I like it when politicians have direct, unfiltered access to the public. The media have plenty of opportunities to posit themselves between candidates and voters. If a pol lies, twists or omits relevant facts and there’s no one from the Fourth Estate to call him or her on it, well, so be it. There will always be another opportunity.
That said, I don’t think the Boston Globe did enough to make sure that the four Democratic candidates for U.S. senator actually wrote their own op-eds in Sunday’s paper. If words are appearing under the bylines of (in fair-and-balanced alphabetical order) Mike Capuano, Martha Coakley, Alan Khazei and Steve Pagliuca, I’d like some assurance that they were written by the candidates, not those of some paid spinner.
But when I asked editorial-page editor Peter Canellos what precautions the Globe had taken, he replied by e-mail that he had checked with op-ed editor Marjorie Pritchard and, essentially, none had been taken. “I spoke to Marjorie, and the answer is that we simply requested that they write pieces for the op-ed page,” Canellos told me. “There were no further restrictions imposed on them.”
Granted, short of some sort of forensic investigation, it would be impossible for a newspaper to make sure candidate op-eds were actually written by the candidates. But I think the candidates should have been asked directly to write their own statements, with no assistance from staffers other than editing. That way, they’d have been put on notice that if they didn’t, then they were cheating.

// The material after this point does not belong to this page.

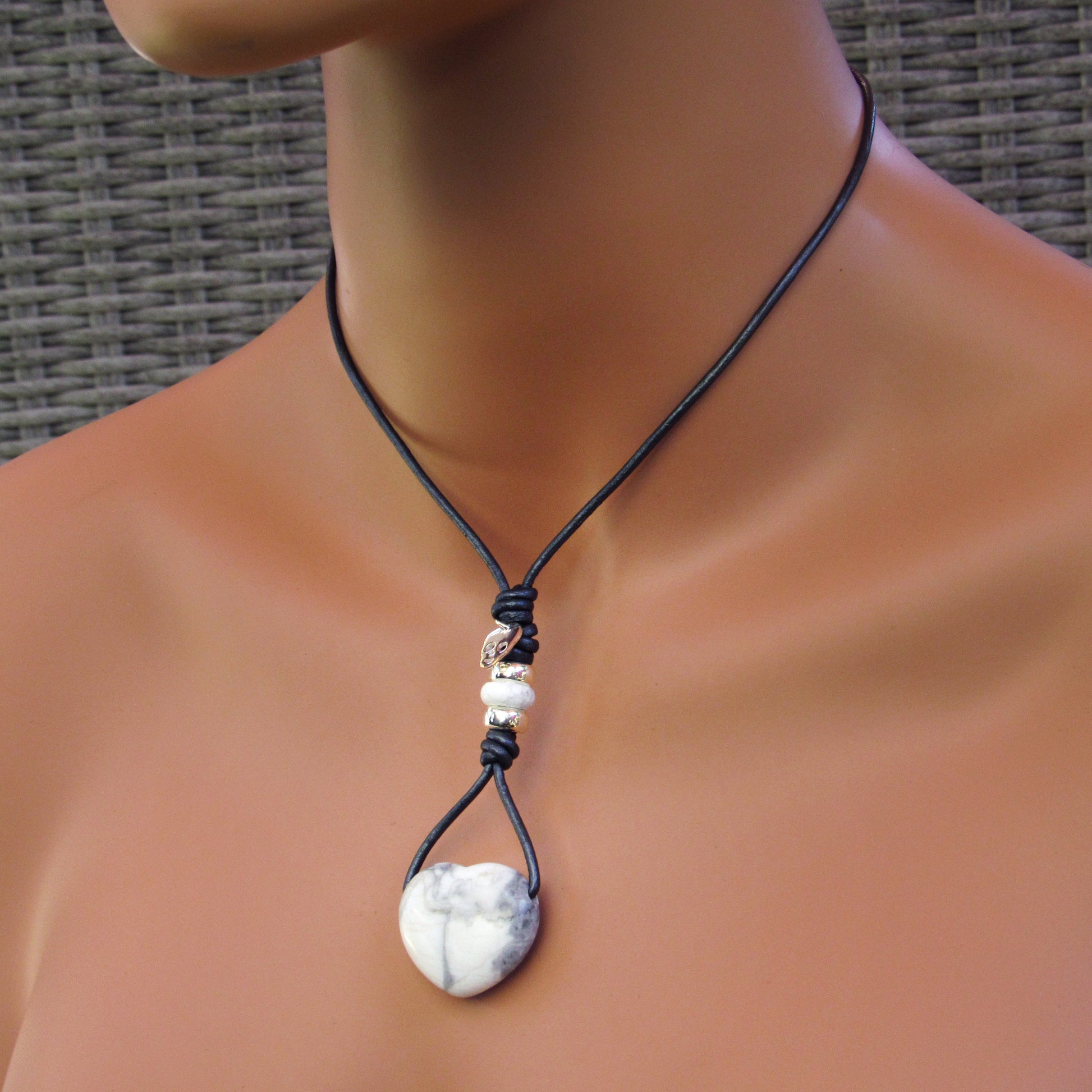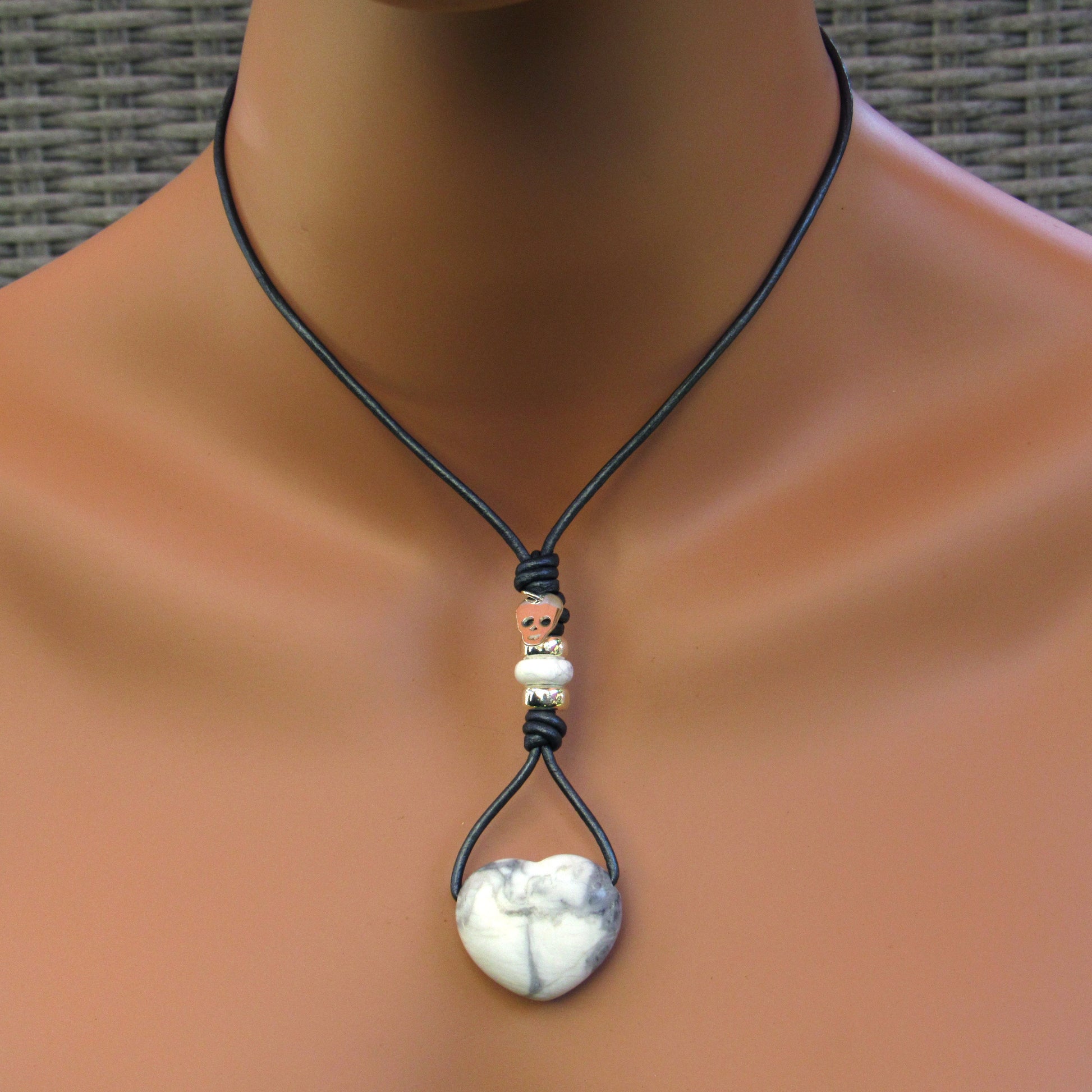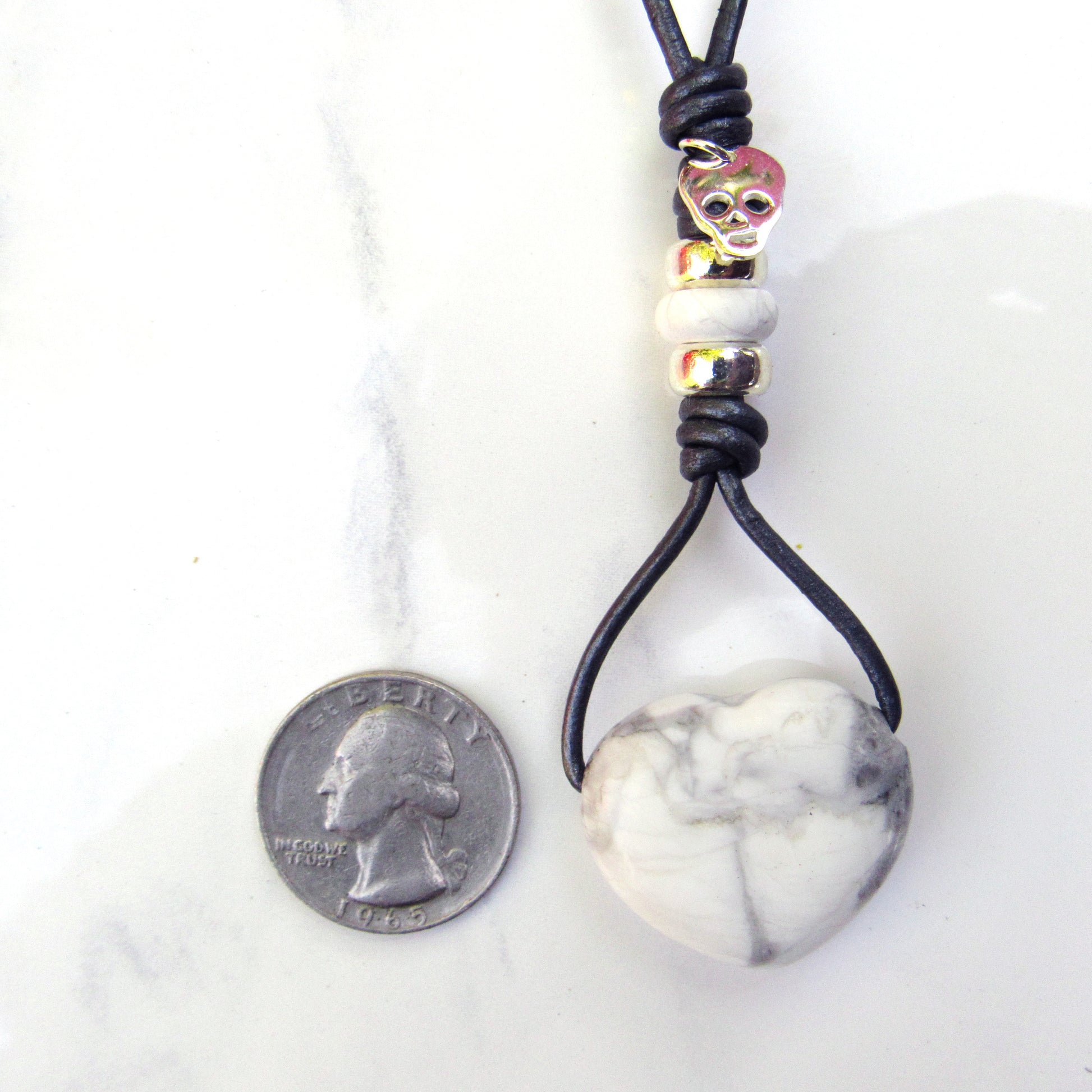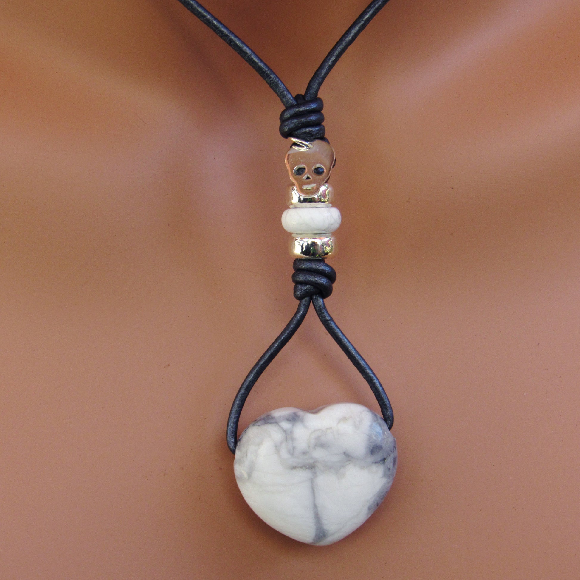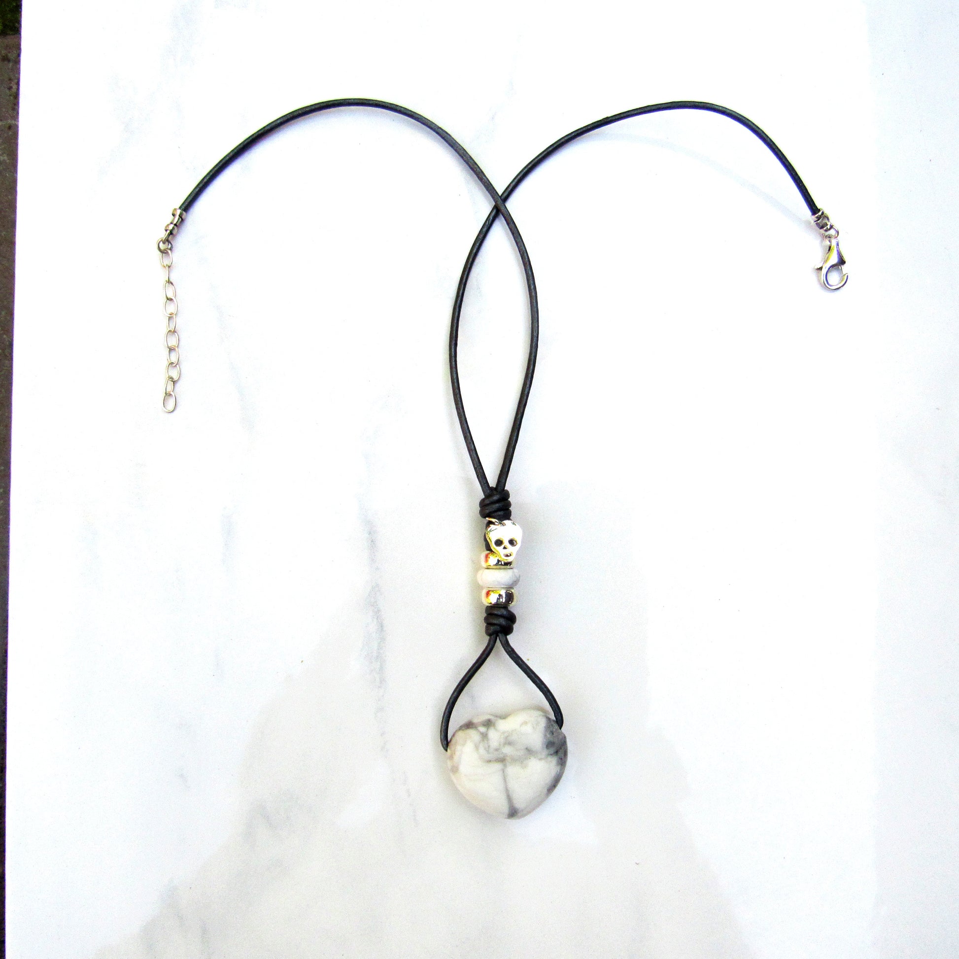 Howlite hand knotted leather with Sterling Silver Skull Necklace
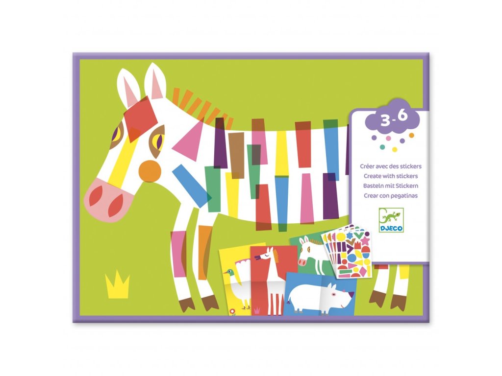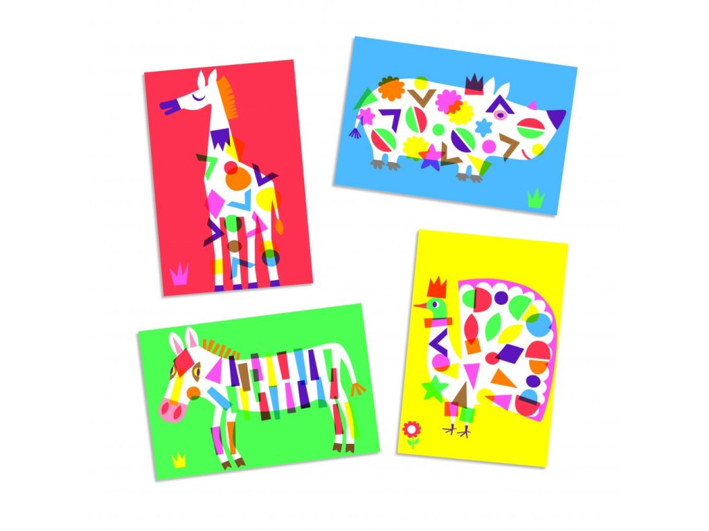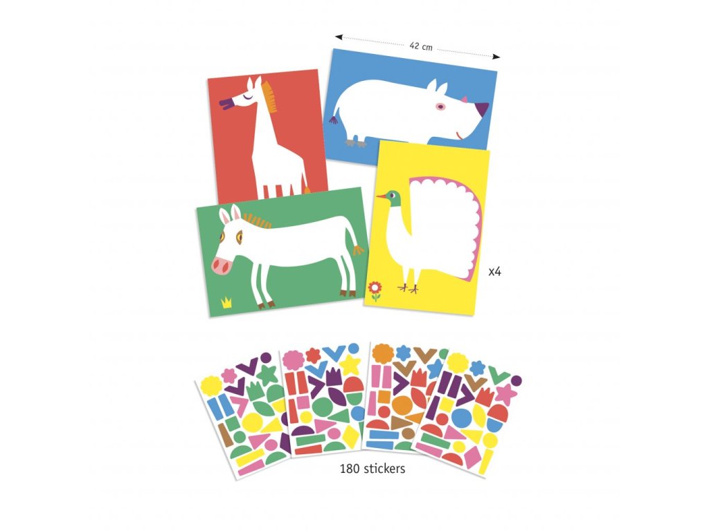 Výtvarná sada se samolepkami Barevné tvary od firmy Djeco jsou pevné obrázky s velkými zvířátky, které si děti dozdobí podle své fantazie.

I realize that I’m holding a candidate’s written words to a higher standard than I am spoken words. But the role of speechwriters is well-established, and the very fact that a candidate has to speak the words changes the equation. A ghostwritten op-ed, in contrast, might never even be seen by the candidate — we simply have no way of knowing.
Besides, when a newspaper such as the Globe solicits op-eds, it is taking responsibility for what it publishes in a way that’s entirely different from running a story about a candidate’s speech.
It’s time to banish the ghosts from the op-ed page. Who you gonna call?
An additional thought: Several of the commenters make the point that ghostwritten op-eds are a long-established practice throughout the newspaper business. So let me clarify. Yes, I know that. Not reading obviously ghostwritten op-eds is an equally established practice. It’s time for a change, don’t you think?